WIDEBAND ANTENNA WITH MODULAR ASSEMBLY

Abstract

A wideband antenna array includes a wide angle impedance matching (waim) board, a manifold board including multiple tower receiving features and at least one conductive tower extending outward from the manifold board and received in a corresponding tower receiving feature. Each of the at least one conductive towers including at least one metalized component. The metalized component forms a circuit connecting the manifold board to the waim board. The waim board is adhered to a first end of the at least one conductive tower opposite the manifold board.

Description

BACKGROUND

The present disclosure relates to wideband antenna designs, and more particularly to a modular wideband assembly design.

Wideband antennas are antennas that are configured such that they have approximately, or exactly, the same operating characteristics across a wide passband. Existing antenna arrays able to provide wideband performance have high manufacturing costs as the assembly cannot be automated, and the typical designs are not modular. The lack of modularity further causes additional coefficient of thermal expansion (CTE) related stress as the antenna array is exposed to varied temperatures over time. Similar lower cost designs (e.g. a loop radiator design) can provide some wideband coverage but are unable to be used at lower frequencies due to height requirements for lower frequencies exceeding current manufacturing capabilities and a resultant limited frequency bandwidth.

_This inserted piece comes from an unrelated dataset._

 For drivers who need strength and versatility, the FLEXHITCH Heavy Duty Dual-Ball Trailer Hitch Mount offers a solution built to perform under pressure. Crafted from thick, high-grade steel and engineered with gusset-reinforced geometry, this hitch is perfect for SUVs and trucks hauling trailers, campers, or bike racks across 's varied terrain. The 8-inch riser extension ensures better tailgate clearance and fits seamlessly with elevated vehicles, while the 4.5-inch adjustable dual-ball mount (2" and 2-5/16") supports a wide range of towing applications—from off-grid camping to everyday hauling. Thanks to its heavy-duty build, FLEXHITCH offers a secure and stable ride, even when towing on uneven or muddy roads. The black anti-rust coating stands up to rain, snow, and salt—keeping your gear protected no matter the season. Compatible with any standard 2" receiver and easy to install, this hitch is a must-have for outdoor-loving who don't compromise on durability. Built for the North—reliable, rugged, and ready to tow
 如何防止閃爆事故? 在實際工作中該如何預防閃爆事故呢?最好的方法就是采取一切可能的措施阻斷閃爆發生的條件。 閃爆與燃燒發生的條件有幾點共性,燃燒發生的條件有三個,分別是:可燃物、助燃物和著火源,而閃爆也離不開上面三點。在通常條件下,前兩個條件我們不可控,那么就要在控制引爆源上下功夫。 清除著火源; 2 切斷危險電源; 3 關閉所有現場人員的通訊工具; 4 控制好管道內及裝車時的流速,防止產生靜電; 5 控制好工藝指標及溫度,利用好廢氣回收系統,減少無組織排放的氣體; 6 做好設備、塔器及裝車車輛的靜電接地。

It is desirable to create a wideband antenna array that can be constructed cheaply in a modular configuration while retaining a full wideband array passband.

SUMMARY

According to one embodiment, a wideband antenna array including a wide angle impedance matching (waim) board, a manifold board including a plurality of tower receiving features, and at least one conductive tower extending outward from the manifold board and received in a corresponding tower receiving feature, each of the at least one conductive towers including at least one metalized component, the metalized component forming a circuit connecting the manifold board to the waim board, and wherein the waim board is adhered to a first end of the at least one conductive tower, the first end being opposite the manifold board.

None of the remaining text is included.